### Work request
Would you please output, word for word, the span of the listing below that opens on the line containing "360 degree rotatable: triangular" and closes on the line containing "La clasificación global"? Include both ends and nothing more.

### Data records
----

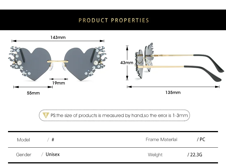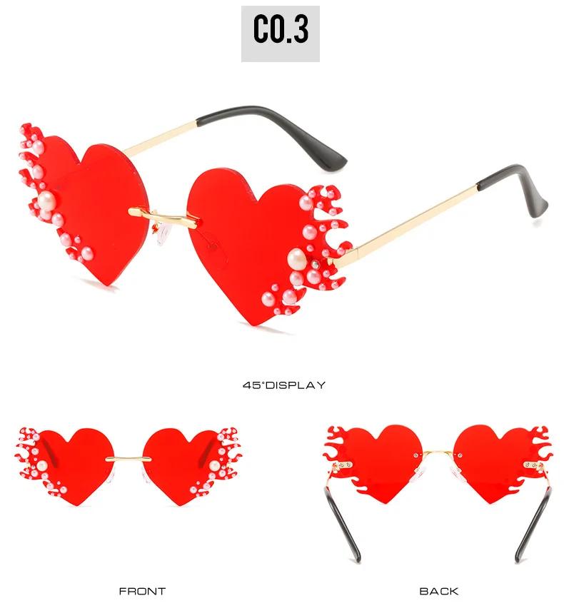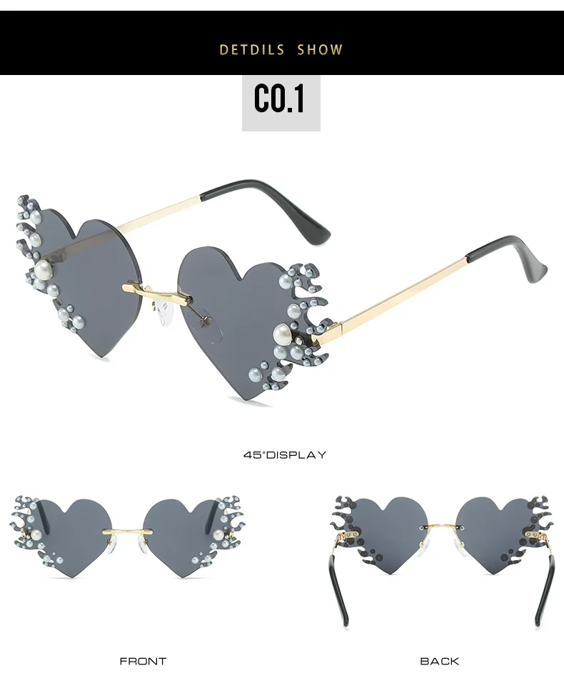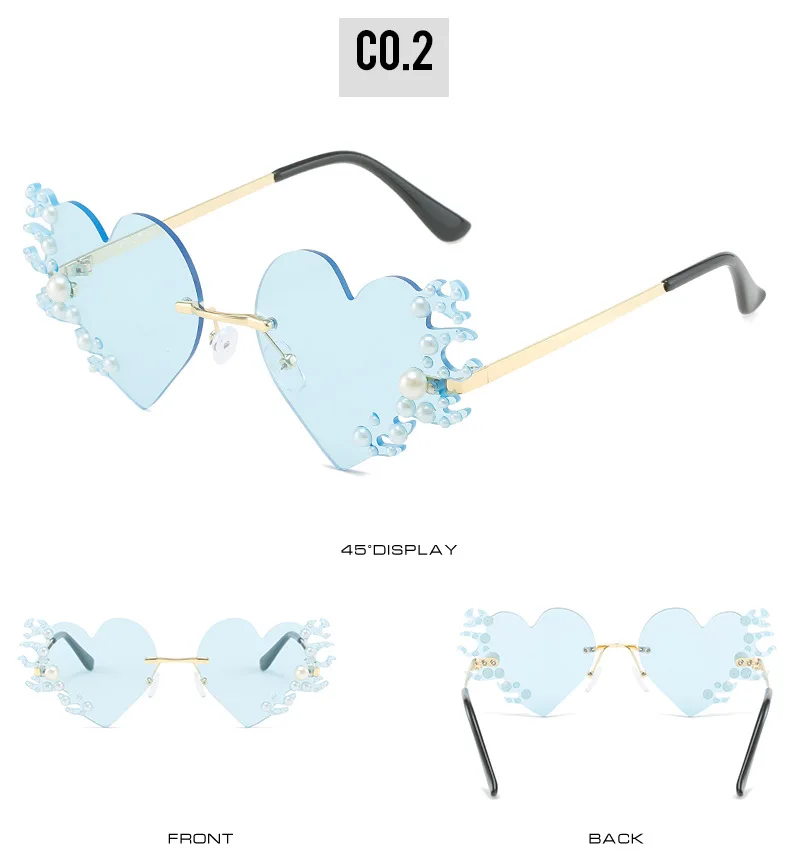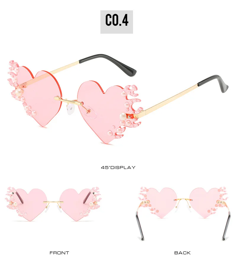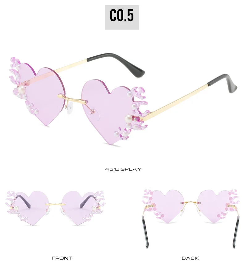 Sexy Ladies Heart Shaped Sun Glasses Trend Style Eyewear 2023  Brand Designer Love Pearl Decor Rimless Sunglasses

----

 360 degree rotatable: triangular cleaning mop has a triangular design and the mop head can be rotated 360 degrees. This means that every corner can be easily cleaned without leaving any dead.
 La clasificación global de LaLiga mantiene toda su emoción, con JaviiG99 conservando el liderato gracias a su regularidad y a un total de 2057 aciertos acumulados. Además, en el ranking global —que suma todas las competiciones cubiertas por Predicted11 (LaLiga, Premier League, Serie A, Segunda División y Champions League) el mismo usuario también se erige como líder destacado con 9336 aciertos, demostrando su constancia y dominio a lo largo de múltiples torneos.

----

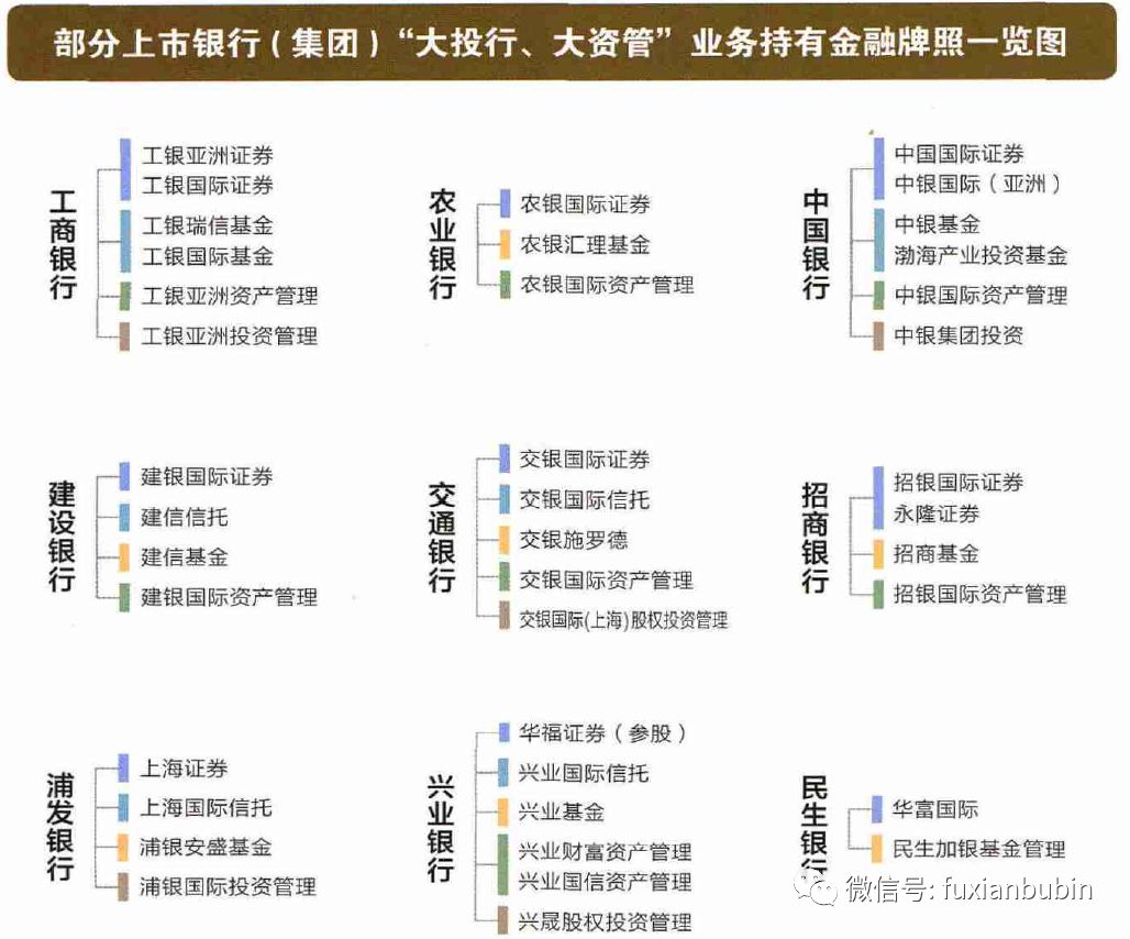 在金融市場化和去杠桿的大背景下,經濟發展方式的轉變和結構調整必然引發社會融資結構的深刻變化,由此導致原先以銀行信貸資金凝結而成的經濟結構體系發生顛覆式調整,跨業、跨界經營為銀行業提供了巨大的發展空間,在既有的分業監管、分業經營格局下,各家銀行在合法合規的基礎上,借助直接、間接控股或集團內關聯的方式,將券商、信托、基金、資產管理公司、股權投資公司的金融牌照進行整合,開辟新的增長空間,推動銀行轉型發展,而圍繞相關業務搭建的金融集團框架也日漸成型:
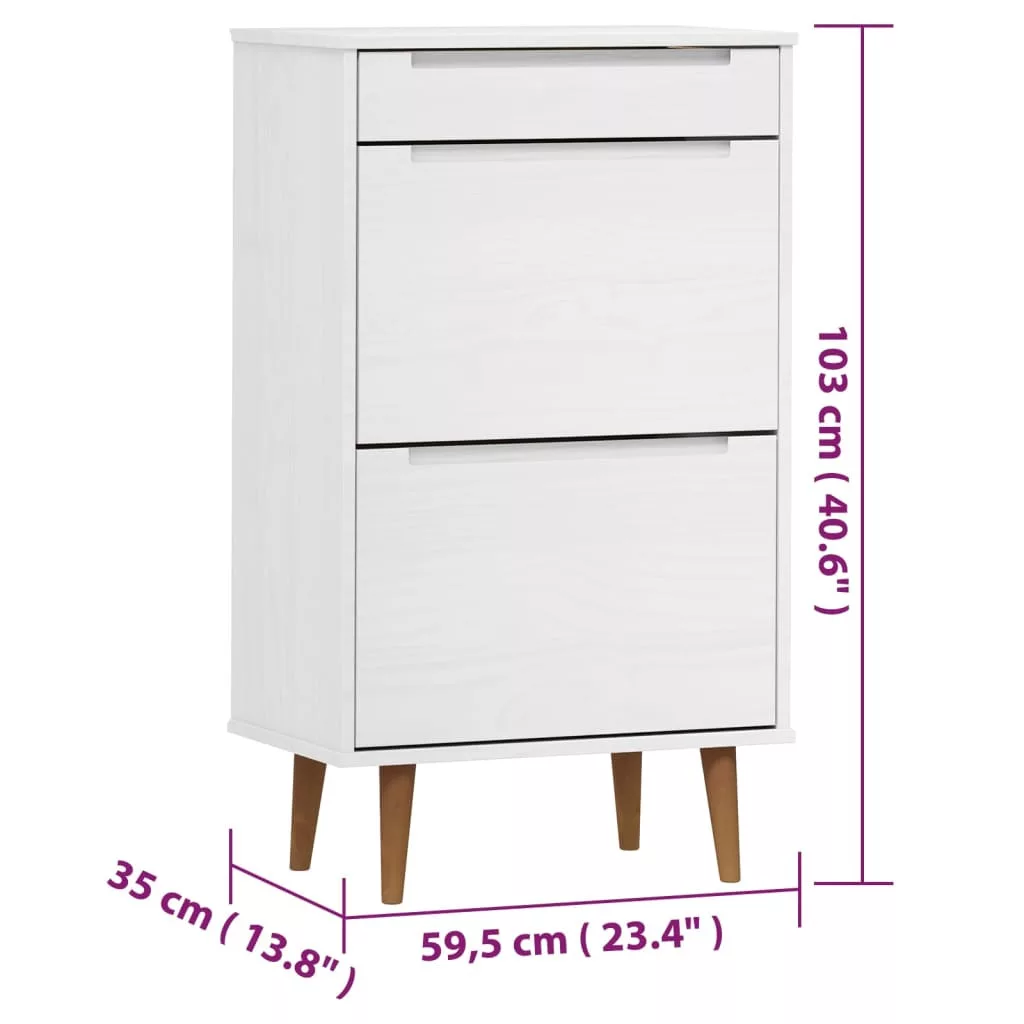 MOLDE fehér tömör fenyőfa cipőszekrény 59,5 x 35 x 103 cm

----

### Result below
 360 degree rotatable: triangular cleaning mop has a triangular design and the mop head can be rotated 360 degrees. This means that every corner can be easily cleaned without leaving any dead.
 La clasificación global de LaLiga mantiene toda su emoción, con JaviiG99 conservando el liderato gracias a su regularidad y a un total de 2057 aciertos acumulados. Además, en el ranking global —que suma todas las competiciones cubiertas por Predicted11 (LaLiga, Premier League, Serie A, Segunda División y Champions League) el mismo usuario también se erige como líder destacado con 9336 aciertos, demostrando su constancia y dominio a lo largo de múltiples torneos.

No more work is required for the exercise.